Digital Magazines Emerge—But Glossy Paper Publishers Haven’t Turned the Page on the Past

With all the drama this year around newspapers, including the Boston Globe‘s near-death experience and the actual demise of several other papers such as the Seattle P-I and the Rocky Mountain News, there’s been slightly less hoopla over the fate of magazines. They’re dealing with many of the same problems as newspapers, including a falloff in advertising, competition from online-only media, and the ever-rising cost of paper, printing, and distribution. One difference is that it’s happening on a timeline that allows a bit more breathing room, given that most magazine publishers aren’t saddled with the same kind of debt that’s crushing the big newspaper chains.

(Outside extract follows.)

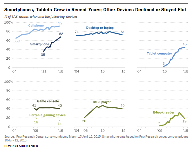 NEW: Technology Device Ownership 2015 - 68% of Americans have smartphone, 45% have tablets http://pewrsr.ch/1GyFf76 pic.twitter.com/P5jWPbUamV
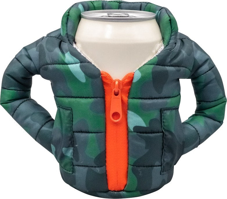 Keep your can drinks cold with this fun coozie. Puffer vest with camo and orange for the outdoors lover.

That means magazines have more leeway to experiment with new publishing and business strategies that could help them through the digital transition. For most newspapers, it’s already too late. When you’re losing tens of millions of dollars a year, as the Globe still is, you’re fixated on cost-cutting to keep the doors open a couple more quarters, not creative ideas for the long-term future.

So, what use have magazines been making of this time? What delightful and innovative digital creations have they unleashed? It’s a question that matters to me personally, given my past experience at magazines like Science and Technology Review, and my natural concern for the future of journalism.

Sadly, the answer is not many so far. If I had to pick a word for most of the e-magazine experiments I’ve been seeing lately, it would be “unimaginative.” Magazine publishers seem to hope that they can get away with transplanting their existing print layouts onto the electronic screen—as if it were enough to take the finished publication files, export them to PDF, and be done with it. This way, publishers wouldn’t have to do the hard work of rethinking the kinds of work they commission, the ways different types of content fit together, or what makes magazines special in the first place.

Zmags screen shot from SmartCEO magazine

Take a look at Zmags, a Boston company that works with magazines such as SmartCEO. Zmags has a tool called Publicator that takes print magazine spreads and frames them inside a PC browser window. Of course, cramming a whole spread onto a computer screen means making the text pretty small, so Zmags provides a handy magnifying-glass icon that lets you zoom in on a particular article or advertisement. It’s a lot like another e-magazine interface made by San Francisco-based Zinio, the main difference being that Zinio magazines are displayed inside a standalone e-reader program rather than a Web browser. (Technology Review experimented with Zinio while I was an editor there.)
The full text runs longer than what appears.